Currently, rustc spends 10% of no-opt time creating and destroying Substs structs. More specifically, Substs structs are interned, but they each contain 2 Vec-s, which have to be allocated and then freed when an already-interned Substs is re-interned, so I would like some way to intern Substs without allocating.

This could be done relatively easily with find_equiv: create a variant of Substs whose Vec-s are allocated on the stack, and look it up. If it isn’t found, create a real Substs and intern it.

However, the core team thinks find_equiv isn’t a good API for a hash-table. I think a good solution would be to add a HashInterner. I would like to use parts of std::collections::hash for it - so it should probably be in std.

An API would be something like

impl<'cx, T: Hash> HashInterner<'cx, T> {
    fn new() -> Self { /* .. */ }
    fn intern<K, F>(&mut self, k: K, f: F) -> &'cx T
        where K: PartialEq<T> + Hash,
              F: FnOnce(K) -> &'cx T
    { /* .. */ }


It sounds like you need …

dramatic pause

… Recycler! https://github.com/frankmcsherry/recycler

At least, I wrote it for you. Maybe it will help!


Do I get this right? You want to hash an object that does not yet exist?


I don’t want dead objects, I want live ones. I basically want some version of Hash Consing.


I can already hash such an object. I just want to check whether it exists within a hash table.

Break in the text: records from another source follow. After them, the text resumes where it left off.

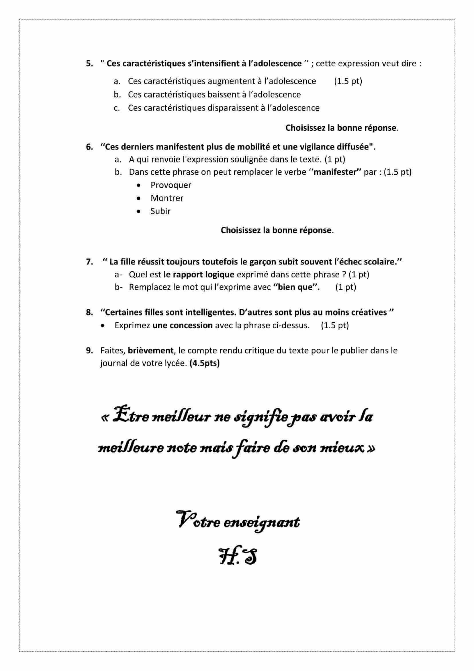 امتحان الفصل الثاني في مادة اللغة الفرنسية للسنة الثالثة ثانوي شعبة اداب و فلسفة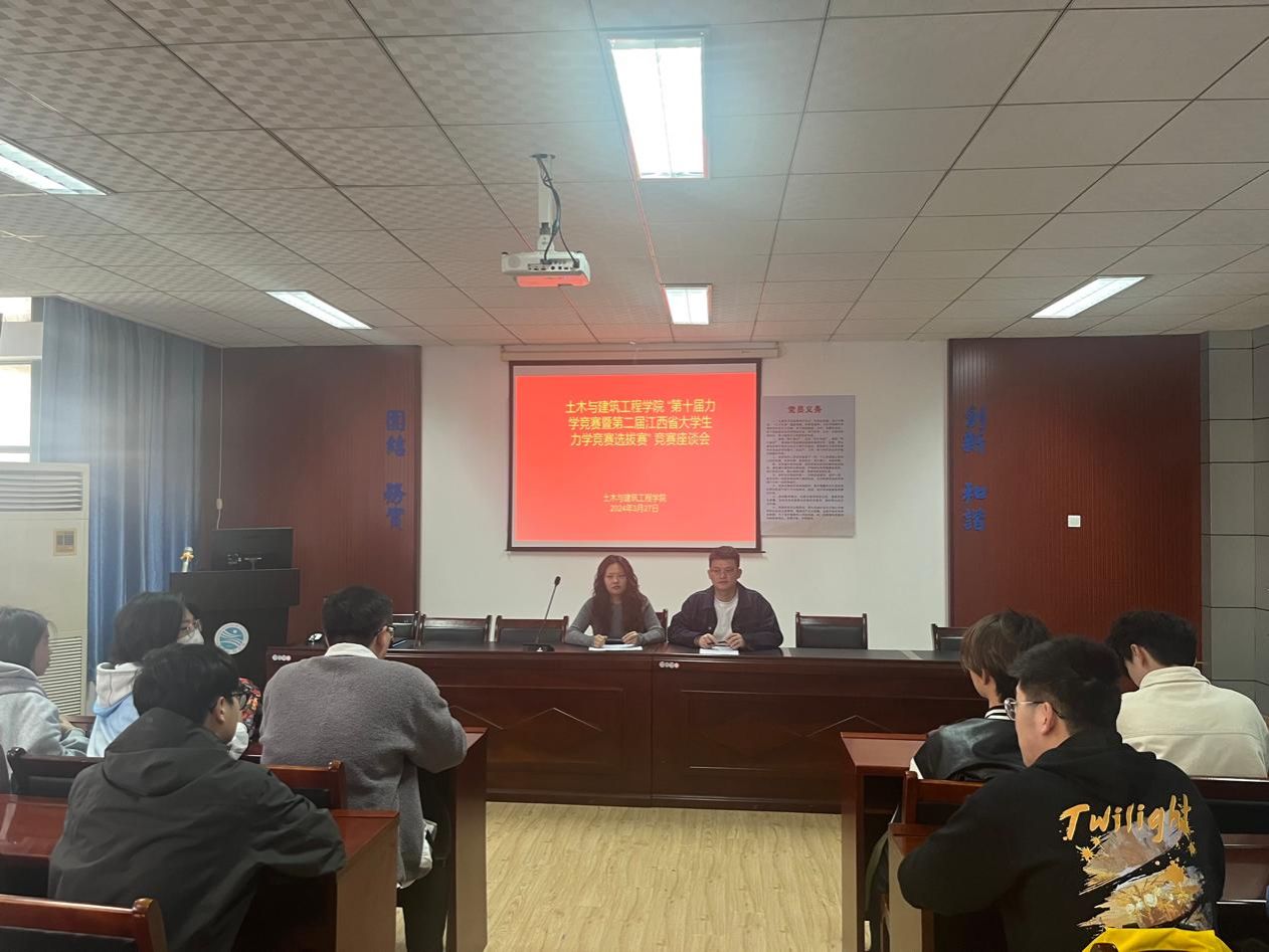 为活跃全校学术氛围,培养力学创新人才,3月27日,土木与建筑工程学院团委在土建楼B207举行了我校第十届力学竞赛暨第二届江西省大学生力学竞赛选拔赛答疑会。本次座谈会由辅导员黄航主持,学院分团委负责人万珊、各班级学委、力学实践与工程创新社团成员等50余人参加了会议。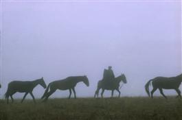 USSR. 1963. Some horse herders tend to their animals high up on a mountain near Pitagorsk. They still wear the broad-shouldered Caucasus cloak made of black sheepskin.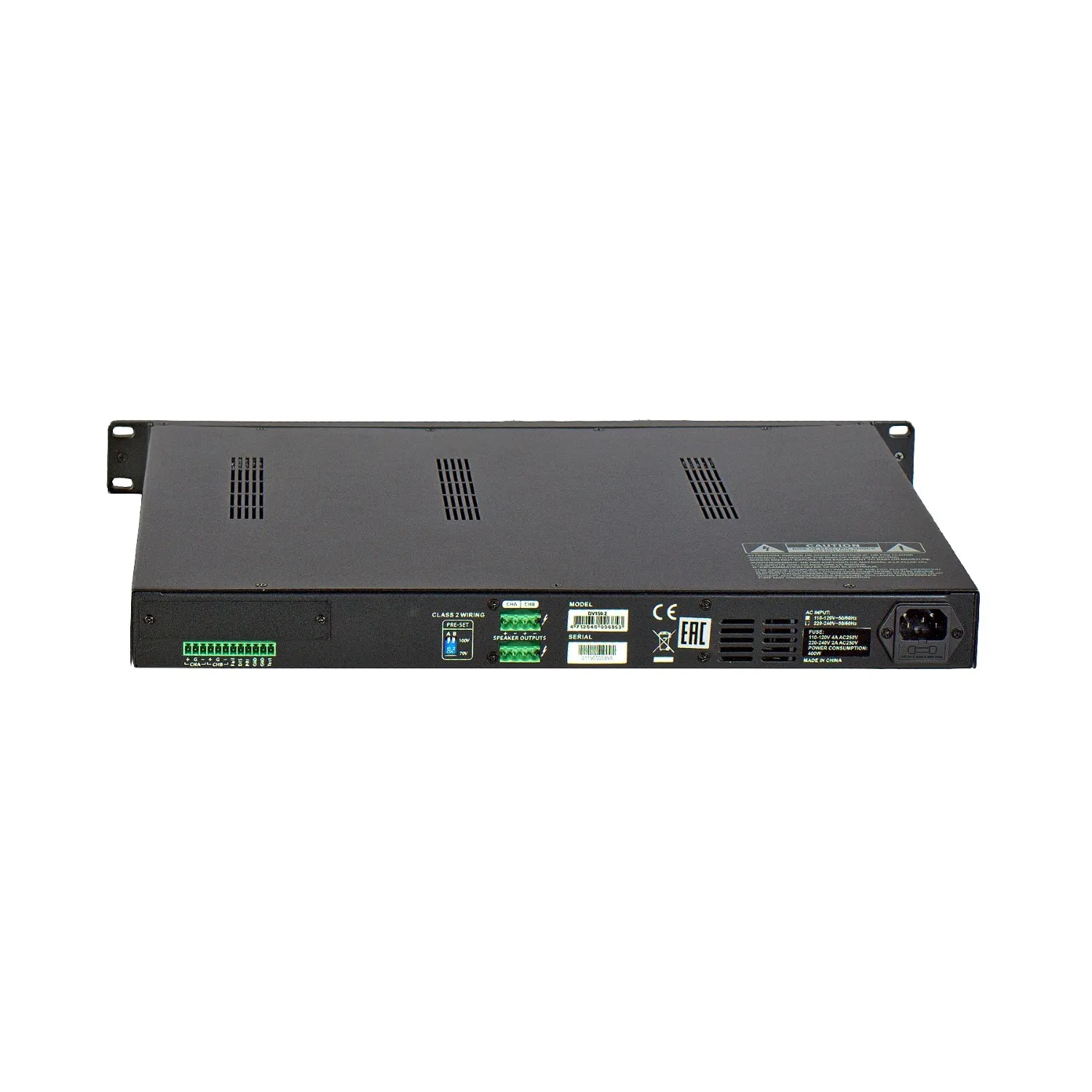 - Особенности: трансляционный (100 и 70 В), входы/выходы на разъёмах Euroblock

The intent here is that you could re-use the dead-but-memory-backed objects rather than repeatedly dropping and re-allocating them. It is a different solution to the problem that you actually have, that churning the allocator is expensive.


The dead-but-memory-backed objects here are just vectors of a bunch of different sizes.


As I understand your post, repeatedly acquiring and releasing new “vectors of a bunch of different sizes” from the allocator is what makes your code slow at the moment. If, rather than ask the allocator to hand you two new fresh vectors for your Substs, you take two empty but allocated vectors from a Recycler, use them exactly as if you had allocated fresh vectors, and return them to the Recycler rather than let them drop, your code may go faster.


Incidentally, this sort of situation is where an inline allocator could shine. Since Rust has sized deallocation, both allocation and deallocation could in theory be optimized based on object sizes known at compile time, and they could turn into a handful of instructions each in the fast path. (Especially if you had constant offsets from %fs/%gs, but I guess that’s just fantasy in code that can be called from C.)

Though I suppose even that would find it hard to compete with stack allocation.


what is an inline allocator?


Sorry, I wasn’t clear; I just mean an allocator whose code gets inlined - the fast path, anyway. Like some modern mallocs, it would probably give each size class its own free list (singly linked?), cached in thread local storage, so there wouldn’t be a need for free slot merging, synchronization, etc in that path; it would just be popping and pushing an entry from the appropriate TLS linked list.

I don’t know if anyone has tried this in C or C++; maybe there’s some dealbreaker I haven’t thought of.


Did you ever figure out a solution to this issue? I’m running into this exact issue.